Rein In Energy Speculation: Hedge Fund Manager
The Commodities Futures Trading Commission will seriously consider imposing strict position limits on traders placing bets on energy contracts, and that's just fine with hedge fund manager Mike Masters.
The head of Masters Capital Management blew the whistle on oil speculators last year when he testified before Congress regarding the rapid run-up in oil prices as it reached its record high of $145 a barrel. He is scheduled to testify at the CFTC hearings Aug. 5.
Masters, whose long/short equity fund manages approximately $1.06 billion according to data provider IPREO, believes stringent limits on commodities trading would work.

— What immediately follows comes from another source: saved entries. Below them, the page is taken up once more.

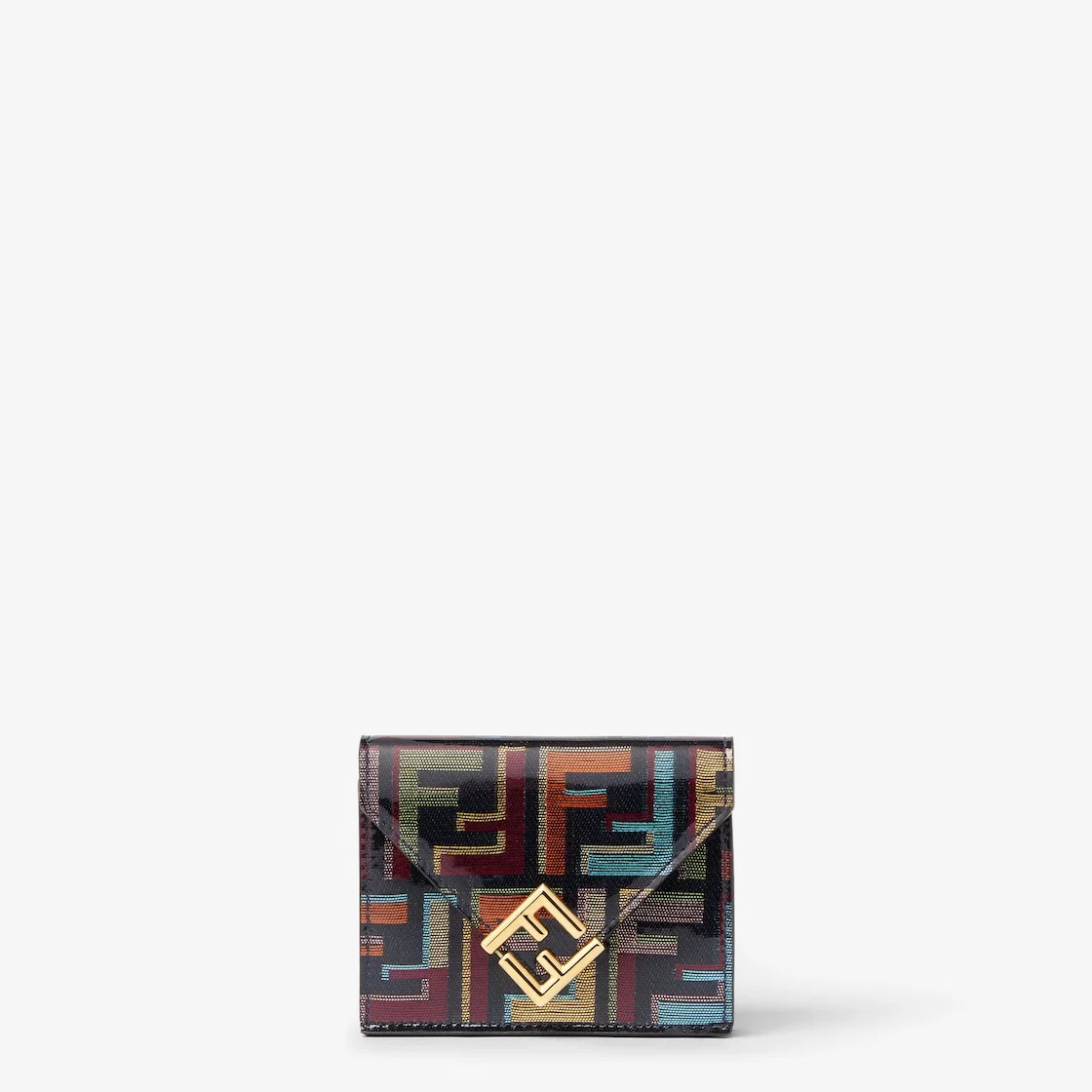 Medium FF Diamonds tri-fold wallet, geometric flap and diagonal FF logo. Divided into six card slots, a bill compartment and a coin pocket with a snap button. Made of glazed fabric with multicolored FF in metallic lame yarn. Details in dark blue calfskin. Gold-finish metalware. Made in Italy Composition: 56% polyurethane, 33% polyester, 11% polyamide, inside: 100% calfskin, 50% cotton, 42% polyamide, 8% resins, Product Code: 8M0480AW6QF1URO
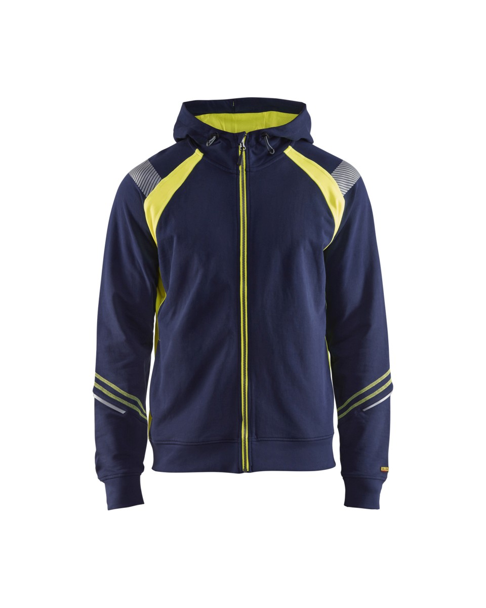 Pehmeä ja mukava huppari, jossa tummat alueet on 100% puuvilla ja heijastavat alueet 100% polyesteriä. Katkonaiset heijastimet ja heijastavat yksityiskohdat lisäävät näkyvyyttä. Resorit alahelmassa ja hihansuissa sekä vetoketjullinen puhelintasku sisäpuolella.
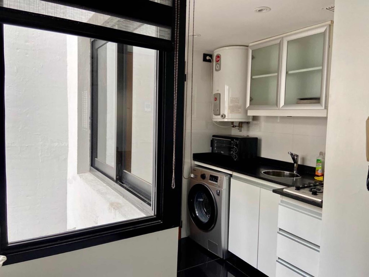 Cocina con anafe, horno eléctrico, lavarropas automático.
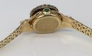 STUNNING watch features a round face concealed behind a hinged gold cover rimmed with diamonds and centered with a single emerald cabochon. It has a Swiss 17-jewel stem wind movement. The total diamond weight is approximately 0.32 carats. Approximately 0.25 carats of round-cut and cabochon emeralds. It is a limited-edition piece, with this specific one being 228 of 2500
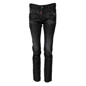 Dsquared² Black Washed Cotton Mid Waist Skinny Jeans
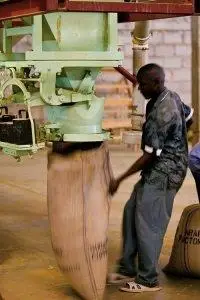 This machine takes a manifold of coffee beans, also called silver skin. Coffee beans are sorted into various sizes from A to AA. Each cofee bag is automatically filled to weigh 60 kg.
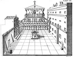 It seems that the church was built along with the tower.[1] The front of the church coincided with the external facade, which is to say, of its atrium.[1] Mariano Armellini notes that the doors of the church were made of bronze.[2]
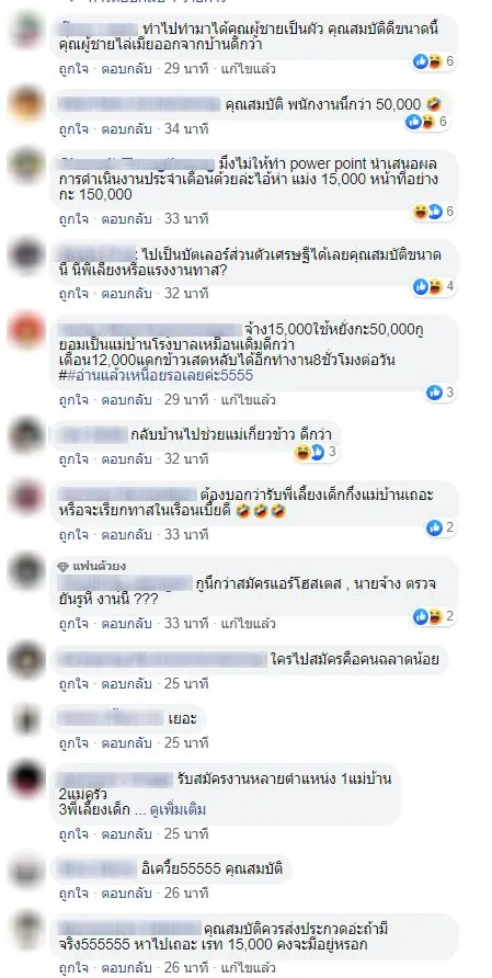 สำหรับโพสต์ดังกล่าวได้รับความสนใจจากชาวเน็ตเป็นอย่างมาก หลานคนมองว่าเงินเดือนน้อยไปสำหรับคุณสมบัติที่เพียบพร้อมขนาดนี้ หรือควรจ้างแม่บ้าน /พี่เลี้ยงเด็ก/แม่ครัว แยกตามตำแหน่งในเงินเดือน 15,000

"For about 60 years we had position limits. In the 1990s, they were removed from a lot of commodities. Now, with crude, there are only position accountability limits three days before the contract is up. We need them again. We need to go back to that regulatory regime that worked for 60 years.
"Bottom line, the commodities market really just boils down to inventory. If you want to invest in energy, buy energy companies, exploration partnerships, or alternative energy companies — don't buy the inventory itself," he said.
More on Proposed CFTC Regulations:
- Speculators Were Key in Oil Price Hike: Chilton
To make his case, Masters makes a simple analogy: instead of investors trying to buy up all the tickets to Disneyworld (inventories to be sold by Disney) as an investment, wouldn't it make more sense that investors buy the common stock in Disney Corporation (means of production)?
In preparing for his Congressional testimony, Masters found data he said shows that markets are being primarily driven by capital markets investors versus the designated prime constituency: bona fide hedgers.
"We compiled data from the CFTC and aggregated it together which showed excessive speculation in oil markets," Masters said. "Currently, the crude oil market (when classified correctly on a reasonable pro-forma CFTC classification scheme), is approximately 80 percent or so speculative (non commercial) versus 10 years ago, when it was approximately 25 percent).
"In fact, our commodites markets are no longer non-correlated to capital markets (which is the reason Wall Street Banks pitched them to institutional investors as an 'asset class')," he said.
To date, the NYMEX crude contract for September delivery is down about 45 percent from 52 weeks ago, settling yesterday at $67.23 a barrel. Year to date, however, it is up 50.74 percent.
"The size of these flows creates distortions in the markets," he said.
"The main thing people need to realize is that having some regulation coming out of an era of no regulation is not a bad thing. You can't get too much regulation in the commodities markets because we are starting at a place with virtually none to begin with."